创建索引的语法
PUT /my_index
{
"settings": { ... any settings ... },
"mappings": {
"type_one": { ... any mappings ... },
"type_two": { ... any mappings ... },
...
}
}
示例:
PUT /my_index
{
"settings": {
"number_of_shards": 1,
"number_of_replicas": 0
},
"mappings": {
"my_type":{
"properties": {
"my_field":{
"type": "text"
}
}
}
}
}
添加索引(索引一旦建立,不能修改)
PUT /my_index/_settings
{
"number_of_replicas": 1
}
PUT /my_index/_mapping/my_type
{
"properties": {
"my_field":{
"type": "string"
}
}
}
删除索引
DELETE /my_index
DELETE /index_one,index_two
DELETE /index_*
DELETE /_all //要想这样删除,需要修改config/elasticsearch.yml 中action.destructive_requires_name: false
分词器的修改与定制
- 修改分词器设置
默认分词器是standard
- standard tokenizer:已单词边界进行切分
- standard token filter:什么都不做
- lowercase token filter:将所有字符转换为小写
- stop token filter(默认禁用):移除停用词
PUT /my_index
{
"settings": {
"analysis": {
"analyzer": {
"my_analyzer_std":{
"type":"standard",
"stopwords":"_english_"
}
}
}
}
}
//测试
GET /my_index/_analyze
{
"analyzer": "my_analyzer_std",
"text": "hello,you are the good boy" // are the会被去掉
}
- 定制自己的分词器
PUT /my_index
{
"settings": {
"analysis": {
"char_filter":{
"&_to_and":{
"type":"mapping",
"mappings":["&=> and"]
}
},
"filter": {
"my_stopwords":{
"type":"stop",
"stopwords":["the","are"]
}
},
"analyzer": {
"my_analyzer":{
"type":"custom",
"char_filter":["html_strip","&_to_and"],
"tokenizer":"standard",
"filter":["lowercase","my_stopwords"]
}
}
}
}
}
//测试
GET /my_index/_analyze
{
"analyzer": "my_analyzer",
"text":"tom & jery,they are the good friend,<a>CLICK ME</a>"
}
type底层的数据结构
type,是一个index中用来区分类似的数据的,类似的数据
,但是可能有不同的fields,而且有不同的属性来控制索引建立、分词器
field的value,在底层的lucene中建立索引的时候,全部是opaque bytes(二进制)类型,不区分类型的。

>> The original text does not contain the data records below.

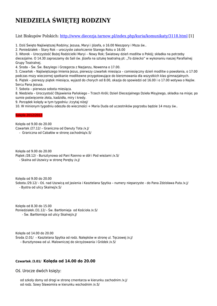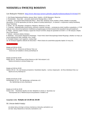 NIEDZIELA ŚWIĘTEJ RODZINY List Biskupów Polskich: http://www.diecezja.tarnow.pl/index.php/kuria/komunikaty/3118.html [1] 1. Dziś Święto Najświętszej Rodziny; Jezusa, Maryi i Józefa, o 16.00 Nieszpory i Msza św.. 2. Poniedziałek – Stary Rok – uroczyste zakończenie Starego Roku o 16.00 3. Wtorek – Uroczystość Bożej Rodzicielki Maryi – Nowy Rok; Światowy dzień modlitw o Pokój; składka na potrzeby diecezjalne. O 14.30 zapraszamy do Sali św. Józefa na sztukę teatralną pt: „To dziecko” w wykonaniu naszej Parafialnej Grupy Teatralnej. 4. Środa – Św. Św. Bazylego i Grzegorza z Nazjanzu, Nowenna o 17.00. 5. Czwartek – Najświętszego Imienia Jezus, pierwszy czwartek miesiąca – comiesięczny dzień modlitw o powołania, o 17.00 podczas mszy wieczornej spotkanie modlitewne przygotowujące do bierzmowania dla wszystkich klas gimnazjalnych. 6. Piątek – pierwszy piątek miesiąca, wyjazd do chorych od 8.00, okazja do spowiedzi od 16.00 i o 17.00 wotywa o Najśw. Sercu Pana Jezusa. 7. Sobota – pierwsza sobota miesiąca. 8. Niedziela – Uroczystość Objawienia Pańskiego – Trzech Króli; Dzień Diecezjalnego Dzieła Misyjnego, składka na misje; po sumie poświęcenie złota, kadzidła, miry i kredy. 9. Porządek kolędy w tym tygodniu: /czytaj niżej/ 10. W minionym tygodniu odeszła do wieczności + Maria Duda od uczestników pogrzebu będzie 14 mszy św.. Kolęda 2012/2013 Kolęda od 9.00 do 20.00 Czwartek /27.12/ – Graniczna od Danuty Tota /x.J/ - Graniczna od Cabałów w stronę zachodnią/x.S/ Kolęda od 9.00 do 20.00 Piątek /28.12/ - Bursztynowa od Pani Rzenno w dół i Pod wieżami /x.S/ - Skalna od Uszwicy w stronę Poręby /x.J/ Kolęda od 9.00 do 20.00 Sobota /29.12/ - Oś. nad Uszwicą od Jasienia i Kasztelana Spytka – numery nieparzyste - do Pana Zdzisława Puta /x.J/ - Bystra od ulicy Skalnej/x.S/ Kolęda od 8.30 do 15.00 Poniedziałek /31.12/ - Św. Bartłomieja od Kościoła /x.S/ - Św. Bartłomieja od ulicy Skalnej/x.J/ Kolęda od 14.00 do 20.00 Środa /2.01/ – Kasztelana Spytka od rodz. Nalepków w stronę ul. Tęczowej /x.J/ – Bursztynowa od ul. Malowniczej do skrzyżowania i Gródek /x.S/ Czwartek /3.01/ Kolęda od 14.00 do 20.00 Oś. Urocze dwóch księży: od szkoły domy od drogi w stronę cmentarza w kierunku zachodnim /x.J/ od rodz. Sowy Sławomira w kierunku wschodnim /x.S/ Kolęda od 9.00 do 16.00 Sobota /5.01/ ul. Kasztelana Spytka od Pani Wandy Karaś do od Jana Klimka przy drodze w kierunku cmentarza /x.S/ ul. Jodława /x.J/ Poniedziałek /7.01/ Kolęda od 14.00 do 20.00 Osiedle Urocze 2 księży: od Toty Aleksandra/x.S/ od rodziny Regieców /x.J/ Wtorek /8.01/ Kolęda od 14.00 do 20.00 ul. Malownicza od Bursztynowej w stronę kościoła /x.S/ ul. Bocheńska od Ryszarda Toty do Stanisława Gicali /x. J/ Środa /9.01/ Kolęda od 14.00 do 20.00 ul Bocheńska od Kazimierza Nabielca do Ryszarda Jędryki /x.J/-- z przerwą na mszę wieczorną Czwartek /10.01/ Kolęda od 14.00 do 20.00 ul. Bocheńska 2 księży od rodziny Solarzów w dół[do Władysława Sowy] /x.J/ od Krzysztofa Cabały w górę /x.S Piątek /11.01/ Kolęda od 14.00 do 20.00 ul. Tęczowa 2 księży: - z przerwą na mszę wieczorną od Janusza Grabarza /x.S/ od Wiesława Klimka /x.J/ Sobota /12.01/ Kolęda od 8.30 do 20.00 ul. Tęczowa 2 księży: od Krystyny Grzesik /x.S/ w kierunku sklepu od Jana Biela w górę /x.J/ - z przerwą na mszę wieczorną Odnośniki [1] http://www.diecezja.tarnow.pl/index.php/kuria/komunikaty/3118.html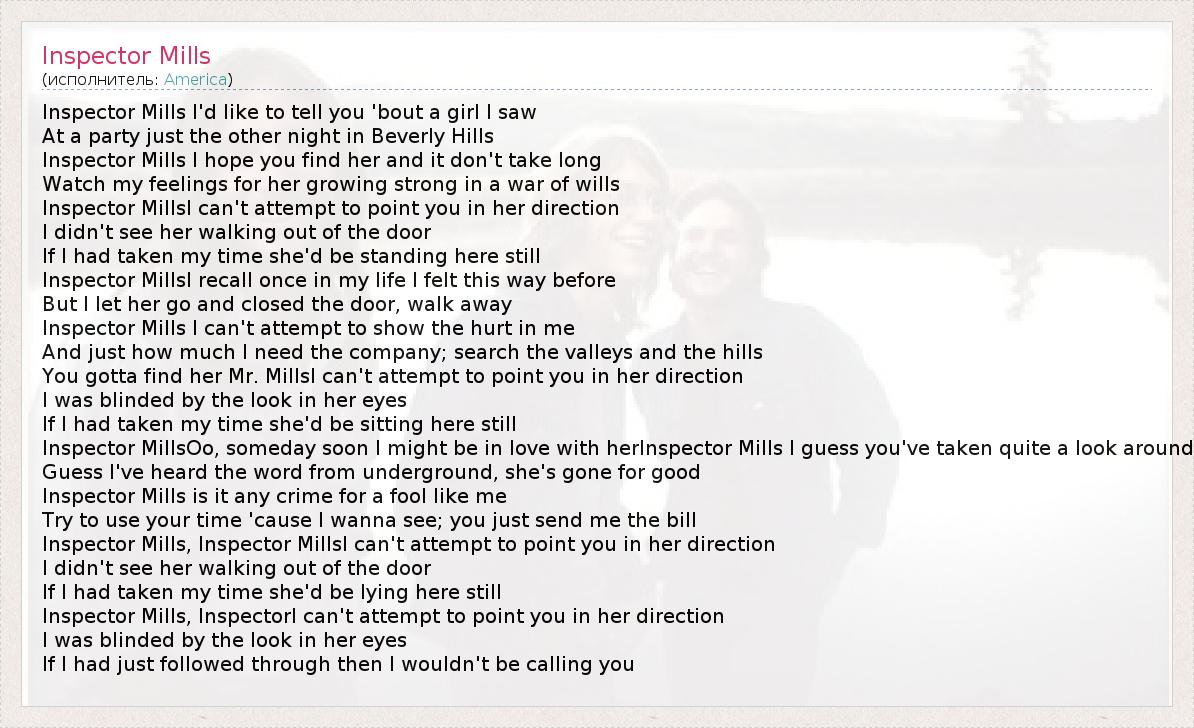 А как ты думаешь, о чем песня "Inspector Mills" ?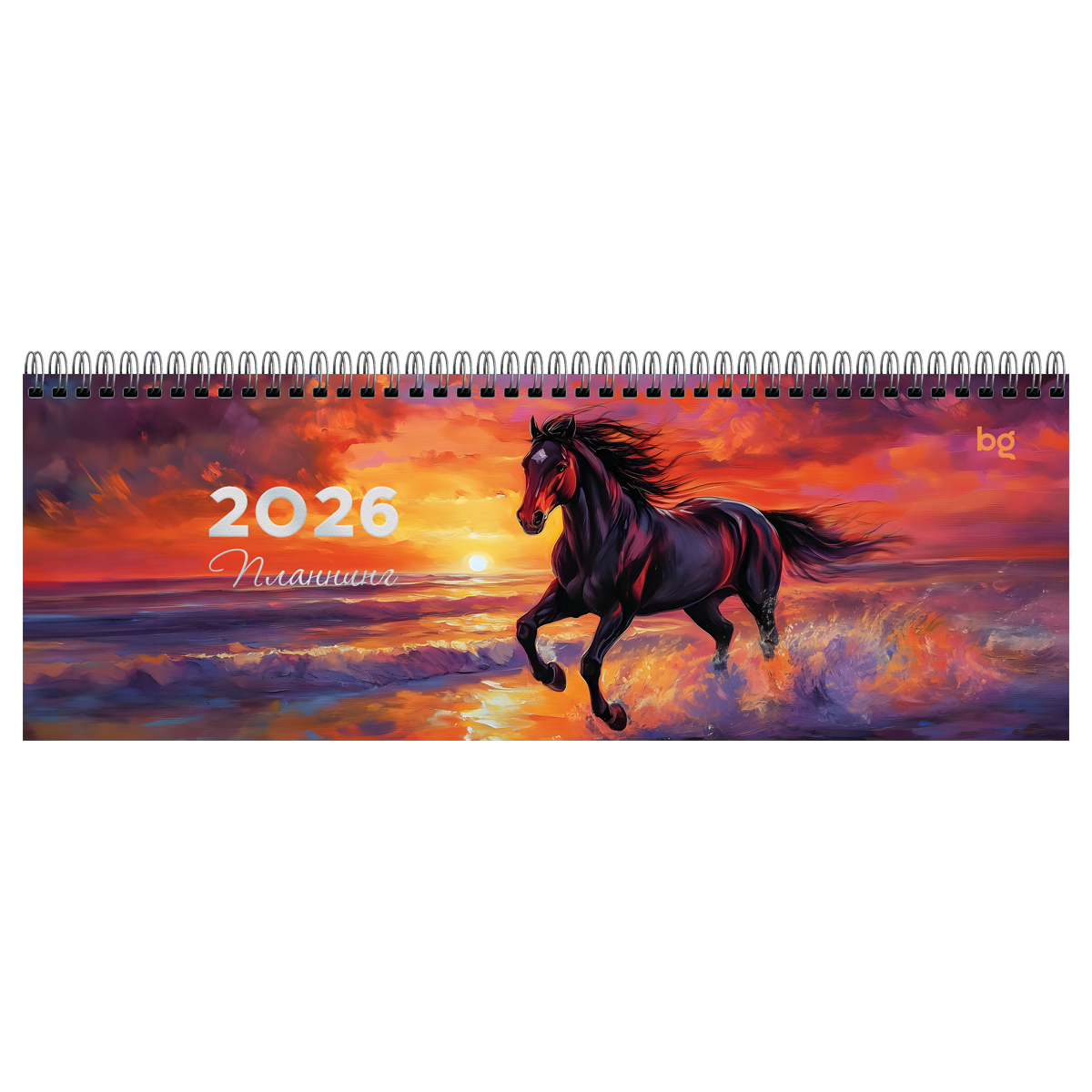 Датированный планинг на 2026 год BG "Символ года" – надёжный и стильный инструмент, который поможет спланировать и организовывать время. Изделие состоит из 64 листов офсетной бумаги плотностью 65 г/м2 и имеет размер 285*100 мм. Печать блока в 1 краску.

lucene是没有type的概念的,在document中,实际上将type作为一个document的field来存储,即_type,es通过_type来进行type的过滤和筛选
一个index中的多个type,实际上是放在一起存储的,因此一个index下,不能有多个type重名,而类型或者其他设置不同的,因为那样是无法处理的
//设置_mapping
PUT /ecommerce
{
"mappings": {
"elactronic_goods":{
"properties": {
"name":{
"type": "string"
},
"price":{
"type":"double"
},
"service_period":{
"type":"string"
}
}
},
"fresh_goods":{
"properties": {
"name":{
"type": "string"
},
"price":{
"type": "double"
},
"eat_period":{
"type":"string"
}
}
}
}
}
//查询_mapping
GET /ecommerce/_mapping
//存入document
PUT /ecommerce/elactronic_goods/1
{
"name":"geli kongtiao",
"price":3999,
"service_period":"one year"
}
PUT /ecommerce/fresh_goods/1
{
"name":"da xia",
"price":99,
"eat_period":"one week"
}
底层数据结构是这样的
{
"ecommerce": {
"mappings": {
"_type": {
"type": "string",
"index": "not_analyzed"
},
"name": {
"type": "string"
}
"price": {
"type": "double"
}
"service_period": {
"type": "string"
}
"eat_period": {
"type": "string"
}
}
}
}
//放入的document是这样的
{
"_type": "elactronic_goods",
"name": "geli kongtiao",
"price": 1999.0,
"service_period": "one year",
"eat_period": ""
}
{
"_type": "fresh_goods",
"name": "aozhou dalongxia",
"price": 199.0,
"service_period": "",
"eat_period": "one week"
}
所以应该把类似结构的type放在一个index下,这些type应该有多个field是相同的,如果一个index的多个type的field完全不同,那个每条数据会有一大部分的field在底层lucene中是空值,会有严重的性能问题
_mapping root object深入剖析
- root object
就是某个type对应的mapping json,包括了properties,metadata(_id,_source,_type),setting(analyzer),其他setting(比如include_in_all)
PUT /my_index
{
"mappings": {
"my_type":{
"properties": {}
}
}
}
- properties
包含有type,index,analyzer
PUT /my_index/_mapping/my_type
{
"properties": {
"title":{
"type": "text"
}
}
}
- _source
- 查询的时候,直接可以拿到完整的document,不需要先拿document id,再发送一次请求拿document
- partial update基于_source实现
- reindex时,直接基于_source实现,不需要从数据库(或者其他外部存储)查询数据再修改
- 可以基于_source定制返回field
- debug query更容易,因为可以直接看到_source
如果不需要上述好处,可以禁用_source
PUT /my_index/_mapping/my_type2
{
"_source": {"enabled": false}
}
- _all
将所有field打包在一起,作为一个_all field,建立索引。没指定任何field进行搜索时,就是使用_all field在搜索。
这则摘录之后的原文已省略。